US president Donald Trump held out prospects of a negotiated reduction in high tariffs targeting key US trading partners while insisting that import taxes are here to say.
Trump via his social media platform said today he spoke with Vietnam Communist Party leader To Lam, who promised to cut their tariffs to zero on US products. Under the plan Trump unveiled on 2 April, US imports from Vietnam will be subject to a 46pc tariff.
Trump late Thursday told reporters that a deal on tariffs is possible "if somebody said that we're going to give you something that's so phenomenal." He mentioned a possible deal with China over the sale of social platform TikTok, which is owned by Chinese company ByteDance. "We have a situation with Tiktok where China will probably say, we'll approve a deal, but will you do something on the tariff?", Trump said.
The Trump administration is forcing ByteDance to sell TikTok to a US company, but Beijing must approve the sale.
"The tariffs give us great power to negotiate," Trump said.
But China's commerce ministry today unveiled a 34pc tariff on all imports from the US from 10 April, and vowed that no exemptions will be granted, unlike in its previous round of tit-for-tat tariffs on US commodities.
Trump on 2 April announced a 10pc baseline tax on all foreign imports starting on 5 April, while many major US trading partners would be subject to an even higher tax beginning on 9 April.
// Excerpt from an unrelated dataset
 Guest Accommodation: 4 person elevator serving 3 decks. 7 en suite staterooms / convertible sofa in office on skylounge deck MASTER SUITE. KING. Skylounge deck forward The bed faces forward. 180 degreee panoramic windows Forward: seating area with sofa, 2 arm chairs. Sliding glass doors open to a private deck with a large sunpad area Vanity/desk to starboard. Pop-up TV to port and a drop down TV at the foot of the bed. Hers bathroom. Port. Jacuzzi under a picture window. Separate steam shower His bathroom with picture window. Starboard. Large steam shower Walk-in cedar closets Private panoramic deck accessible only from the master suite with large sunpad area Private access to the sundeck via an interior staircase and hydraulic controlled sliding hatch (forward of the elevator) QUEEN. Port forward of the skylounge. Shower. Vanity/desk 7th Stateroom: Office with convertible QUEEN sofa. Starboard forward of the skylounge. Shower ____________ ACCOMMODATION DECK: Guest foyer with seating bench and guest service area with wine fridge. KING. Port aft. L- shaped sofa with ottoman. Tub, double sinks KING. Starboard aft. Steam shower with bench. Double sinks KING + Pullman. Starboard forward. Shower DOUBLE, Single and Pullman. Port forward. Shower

Imports from the EU would be subject to a 20pc tariff beginning on 9 April and imports from China subject to a 34pc tariff in addition to the previously imposed 20pc tariffs.
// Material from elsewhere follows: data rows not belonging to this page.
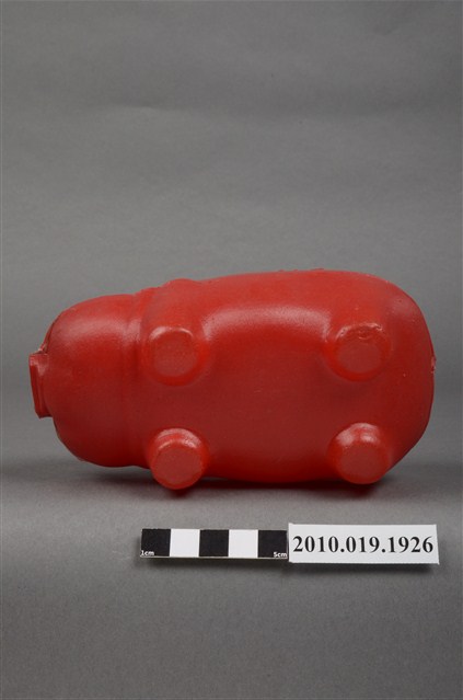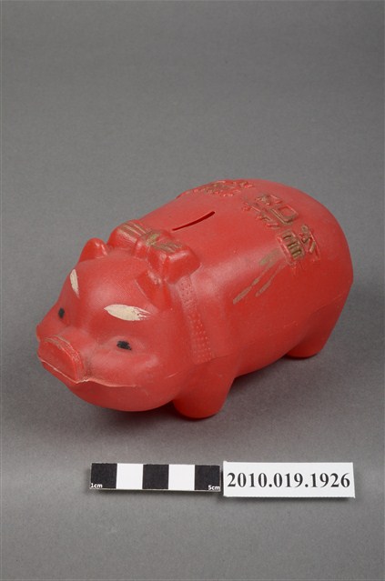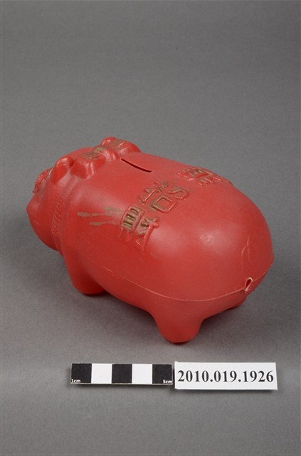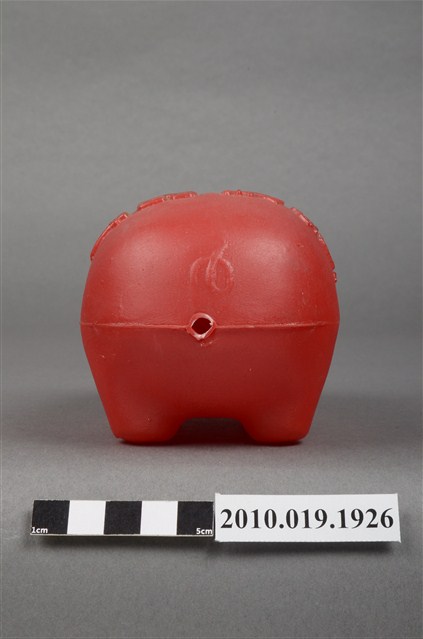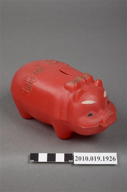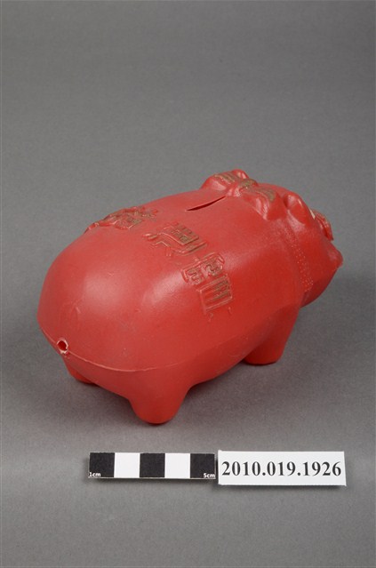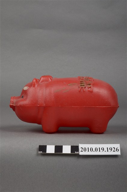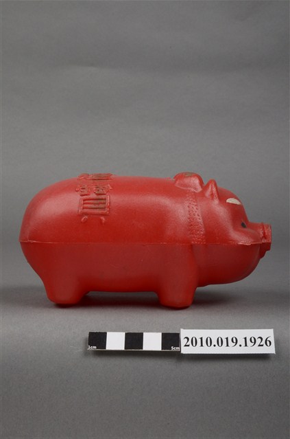 1.本物件為紅色豬造型存錢筒。塑膠製,背部有「招財進寶」四字,脖子圍有紅色蝴蝶結,有黑色眼睛與兩道白眉毛。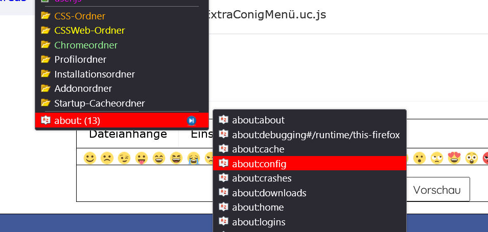 Und jetzt hab ich bemerkt, dass ich das garnicht brauche. Mittelklick auf das ExtraConigMenü.uc.js macht das Gleiche wie dieses Script. ![]()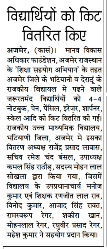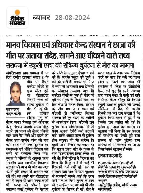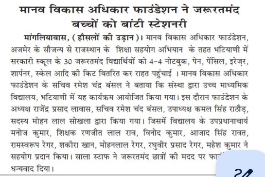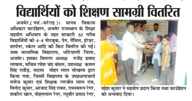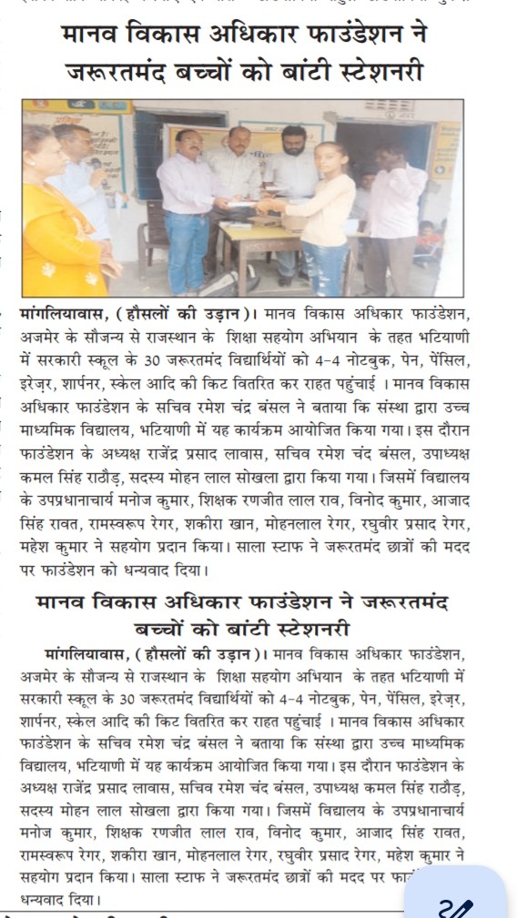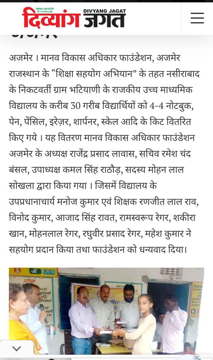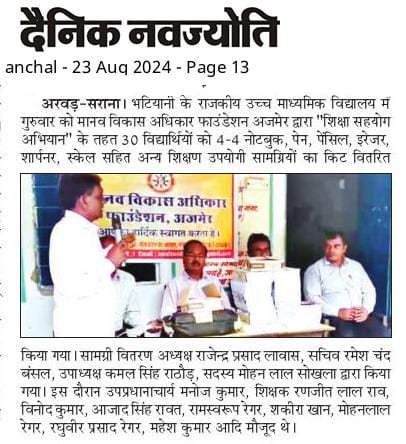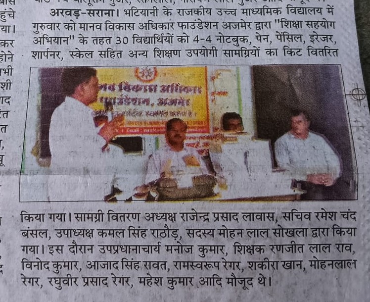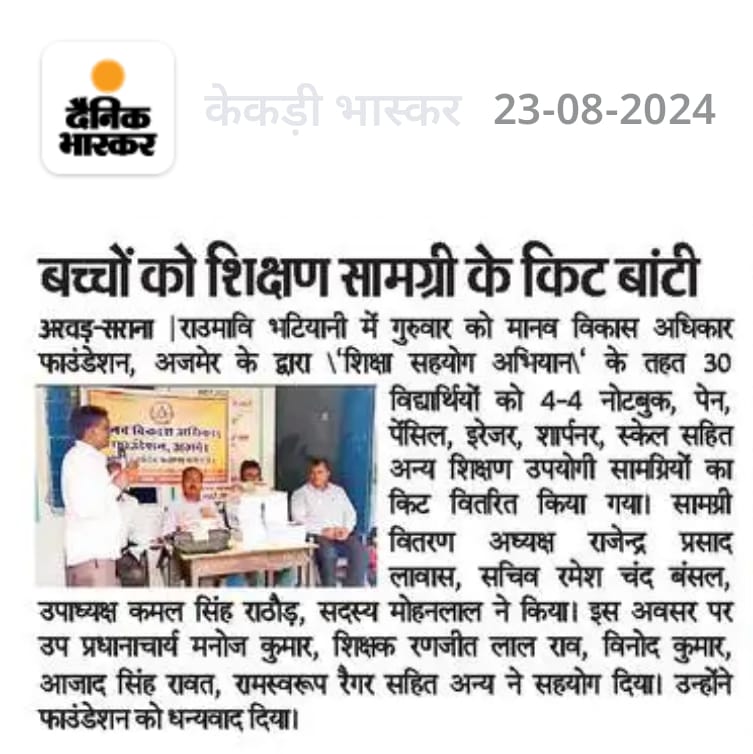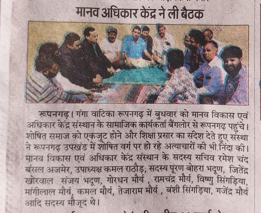 रूपनगढ 1 दिसम्बर 2024 मानव विकास एवं अधिकार केन्द्र संस्थान अजमेर द्वारा ग्राम नोसल तहसील रूपनगढ का संस्थान टीम द्वारा ग्राम में व्याप्त समस्याओ पर एक बैठक का आयोजन ब्लांक अध्यक्ष जगदीश जी की अध्यक्षता में किया गया जिसमे ग्राम के लगभग 80 लोगो ने भाग लिया गया। ग्रामीणों ने बताया कि आज भी कई वर्षो से रह रहे दलित एव कमजोर वर्ग के लोगो को उनकी भूमि आबादी में नहीं होने से उन्हे कई समस्याएॅंह ै और वे लाभ से वंचित है, इसके अलावा पानी की गंम्भीर समस्या है, पीने का पानी नही है ओर कुॅओ में पलोराइड युक्त पानी है जिसमे जिससे कई लोग बीमारियों से ग्रसित है, इसके अलावा कई विधवाओं की पेशन नही हुई है और कई लोगो के पेशन नही है। इसके अलावा राशन वितरण से वंचित है। इसके अलावा उनके मोहल्लों में रास्तो की समस्या के साथ सडके व नाली बनाने में भेदभाव किया जा रहा है। इस बाबत् उन्होने कई बार ग्राम पंचायत को इन समस्याओं से अवगत करवाया किन्तु इन लोगो की सुनवाई आज तक नही हुई है जिससे इन लोगो में रोष व्याप्त है और यदि शीध्र ही इनकी समस्याओं का समाधान नही हुआ तो वह आन्दोलन करेगे। संस्थान के द्वारा इनकी समस्याओं को जायजा लिया गया और शीध्र उच्च अधिकारियो को अवगत करवा कर इस पर शीध्र कार्यवाही करवायी जायेगी।

"CHINA PLAYED IT WRONG, THEY PANICKED - THE ONE THING THEY CANNOT AFFORD TO DO!", Trump said on social media after the announcement from Beijing.
Trump's executive order exempted energy commodities and many critical minerals from new tariffs, as well as trade already covered under the US Mexico Canada free trade agreement (USMCA).
But oil and stock markets continued to slide today as economists and investors concluded that the US tariffs and potential foreign counter-measures would lead to a protracted trade war and reduce economic growth globally.
The latest tariffs are likely to cut global growth rates by 0.5 percentage points and reduce US GDP growth by 1pc in 2025-26, analysts with investment bank Standard Chartered said in a note to clients today.
Federal Reserve chairman Jay Powell, speaking at a conference in Arlington, Virginia, today, warned that the latest bout of tariffs will lead to "higher inflation and slower growth." IMF executive director Kristalina Georgieva issued a similar warning on Thursday evening.
Trump retorted via his social media platform that "This would be a PERFECT time for Fed Chairman Jerome Powell to cut Interest Rates."
What's next?
Despite touting possible deals to avoid high tariffs, Trump also said today that investors planning to move manufacturing to the US should expect no changes in his tariff policies.
Trump's cabinet also struggled to articulate what comes next, with commerce secretary Howard Lutnick saying that Trump would not lift the tariffs announced this week, while treasury secretary Scott Bessent said deals over tariff levels were possible.
Secretary of state Marco Rubio, speaking to reporters on a trip to Brussels, Belgium, said that "it's not fair to say that the economies are crashing — markets are crashing because markets are based on the stock value of companies who today are embedded in modes of production that are bad for the US.
"The markets will adjust business around the world, including in trade," Rubio said. "They just need to know what the rules are."